# Given information:
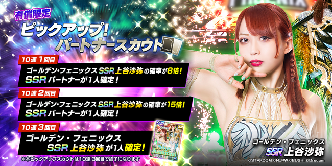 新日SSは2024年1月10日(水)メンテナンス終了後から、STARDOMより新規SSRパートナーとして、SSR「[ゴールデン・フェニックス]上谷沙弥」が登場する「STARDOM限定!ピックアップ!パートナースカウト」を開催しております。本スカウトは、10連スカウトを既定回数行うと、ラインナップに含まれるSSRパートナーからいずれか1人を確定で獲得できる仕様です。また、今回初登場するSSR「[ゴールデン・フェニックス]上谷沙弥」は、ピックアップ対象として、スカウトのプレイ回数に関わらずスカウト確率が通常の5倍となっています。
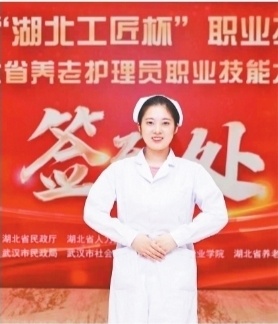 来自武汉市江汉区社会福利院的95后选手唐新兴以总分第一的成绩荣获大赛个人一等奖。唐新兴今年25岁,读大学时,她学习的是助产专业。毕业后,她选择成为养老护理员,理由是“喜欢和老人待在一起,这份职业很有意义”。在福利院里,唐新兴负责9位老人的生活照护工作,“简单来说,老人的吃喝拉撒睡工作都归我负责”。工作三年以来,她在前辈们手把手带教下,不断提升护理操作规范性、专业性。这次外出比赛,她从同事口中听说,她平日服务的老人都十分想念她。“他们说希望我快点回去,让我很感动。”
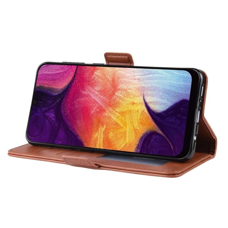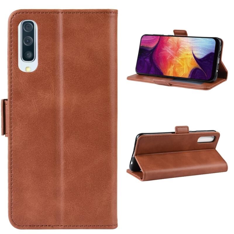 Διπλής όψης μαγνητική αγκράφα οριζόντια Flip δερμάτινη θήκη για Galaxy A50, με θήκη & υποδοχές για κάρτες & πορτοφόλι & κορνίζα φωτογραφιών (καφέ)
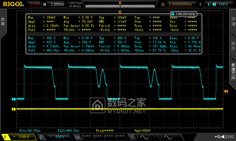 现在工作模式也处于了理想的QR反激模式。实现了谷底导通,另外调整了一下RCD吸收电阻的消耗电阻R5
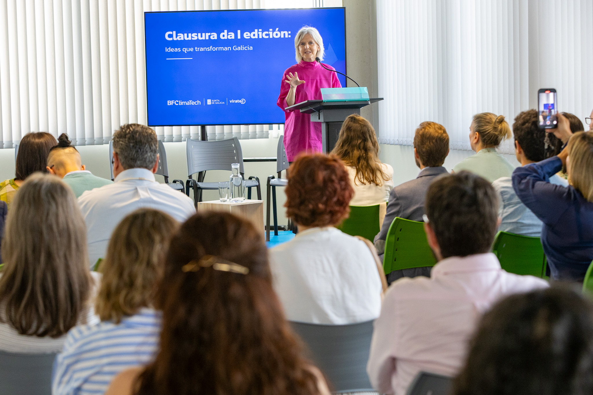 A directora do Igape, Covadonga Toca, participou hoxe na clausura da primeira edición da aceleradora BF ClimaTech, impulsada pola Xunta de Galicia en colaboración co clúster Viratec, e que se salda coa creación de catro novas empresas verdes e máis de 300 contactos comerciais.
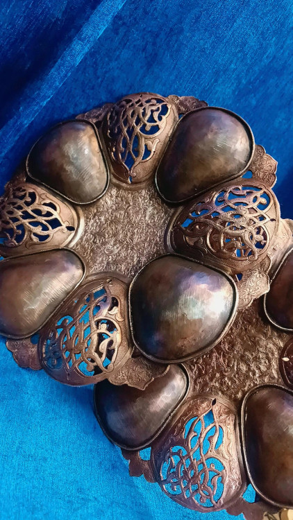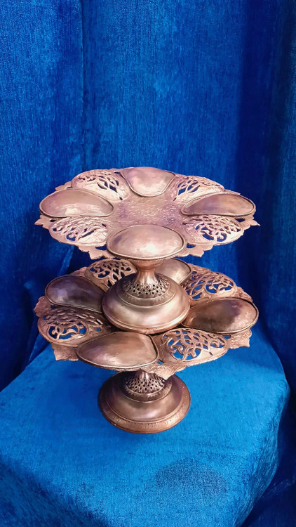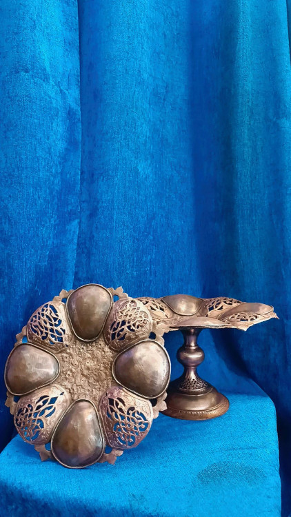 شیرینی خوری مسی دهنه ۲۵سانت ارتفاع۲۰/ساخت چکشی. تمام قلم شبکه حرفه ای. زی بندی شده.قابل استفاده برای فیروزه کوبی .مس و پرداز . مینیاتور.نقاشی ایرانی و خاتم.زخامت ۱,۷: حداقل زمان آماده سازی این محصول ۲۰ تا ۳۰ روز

# Task statement:
Leaving out the pictures, return exactly the lines from the one that contains "来自武汉市江汉区社会福利院的" through the last line of the records above, inclusive.

# Answer below:
 来自武汉市江汉区社会福利院的95后选手唐新兴以总分第一的成绩荣获大赛个人一等奖。唐新兴今年25岁,读大学时,她学习的是助产专业。毕业后,她选择成为养老护理员,理由是“喜欢和老人待在一起,这份职业很有意义”。在福利院里,唐新兴负责9位老人的生活照护工作,“简单来说,老人的吃喝拉撒睡工作都归我负责”。工作三年以来,她在前辈们手把手带教下,不断提升护理操作规范性、专业性。这次外出比赛,她从同事口中听说,她平日服务的老人都十分想念她。“他们说希望我快点回去,让我很感动。”
 Διπλής όψης μαγνητική αγκράφα οριζόντια Flip δερμάτινη θήκη για Galaxy A50, με θήκη & υποδοχές για κάρτες & πορτοφόλι & κορνίζα φωτογραφιών (καφέ)
 现在工作模式也处于了理想的QR反激模式。实现了谷底导通,另外调整了一下RCD吸收电阻的消耗电阻R5
 A directora do Igape, Covadonga Toca, participou hoxe na clausura da primeira edición da aceleradora BF ClimaTech, impulsada pola Xunta de Galicia en colaboración co clúster Viratec, e que se salda coa creación de catro novas empresas verdes e máis de 300 contactos comerciais.
 شیرینی خوری مسی دهنه ۲۵سانت ارتفاع۲۰/ساخت چکشی. تمام قلم شبکه حرفه ای. زی بندی شده.قابل استفاده برای فیروزه کوبی .مس و پرداز . مینیاتور.نقاشی ایرانی و خاتم.زخامت ۱,۷: حداقل زمان آماده سازی این محصول ۲۰ تا ۳۰ روز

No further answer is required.